Microsoft’s vetting process caught this particular compromise in 18 minutes — which sounds fast until you consider that thousands of developers installed the update in that window. And the payload was designed to execute instantly, before anyone could notice anything wrong.
GitHub’s response was textbook: they removed the malicious extension version, isolated the compromised endpoint, and began incident response immediately. Their assessment is that the exfiltration was limited to GitHub-internal repositories and didn’t affect customer data or the platform’s integrity. But the precedent is set. If GitHub — Microsoft’s own subsidiary, presumably running best-in-class security — can be breached through a VS Code extension, every company whose developers use VS Code is exposed to the same attack vector.
The Supply Chain Problem Nobody Wants to Fix
This is the third major supply chain attack in 2026 alone, following the XZ Utils backdoor aftermath and the PyPI typosquatting campaigns that targeted AI/ML packages in February. The pattern is always the same: attackers find a single point of trust in the open-source ecosystem, poison it, and watch the compromise cascade downstream through dependency chains that nobody fully maps.

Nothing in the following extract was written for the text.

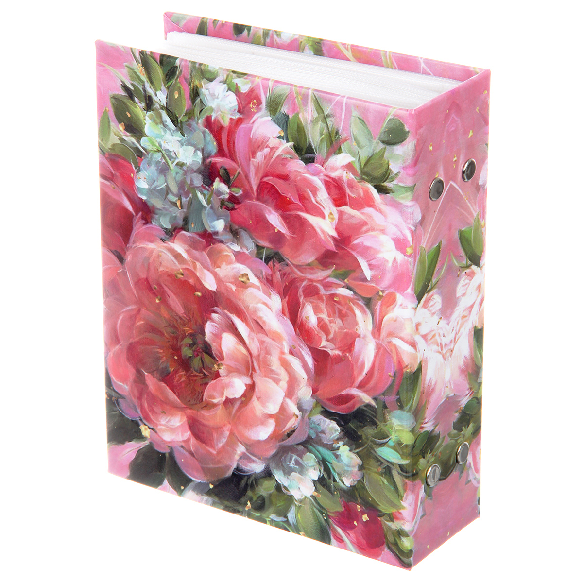Стильный и красивый альбом вмещает в себя 100 фотографий формата 10х15 см. Пластиковые кармашки, 50 листов, скрепленных болтами, по одной фотографии на странице.

The industry’s response has been predictably inadequate. Software Bills of Materials (SBOMs) are still optional for most organizations. Extension marketplaces still rely primarily on community reporting rather than proactive security scanning. And the open-source maintainers whose code forms the foundation of trillion-dollar companies are still, in many cases, unpaid volunteers working from personal laptops with no security budget.
TeamPCP didn’t discover a new vulnerability. They exploited the oldest one in software: the gap between how much we trust our tools and how little we verify them.
The Verdict
Eighteen minutes. 3,800 repositories. A $95,000 asking price. And a cascading supply chain compromise that also hit OpenAI, Mistral AI, and Grafana Labs. The GitHub breach isn’t just a cybersecurity incident — it’s a proof of concept that the entire developer toolchain is one compromised maintainer away from a catastrophic failure. The question isn’t whether this attack vector will be used again. It’s whether anyone will fix the trust model before it is.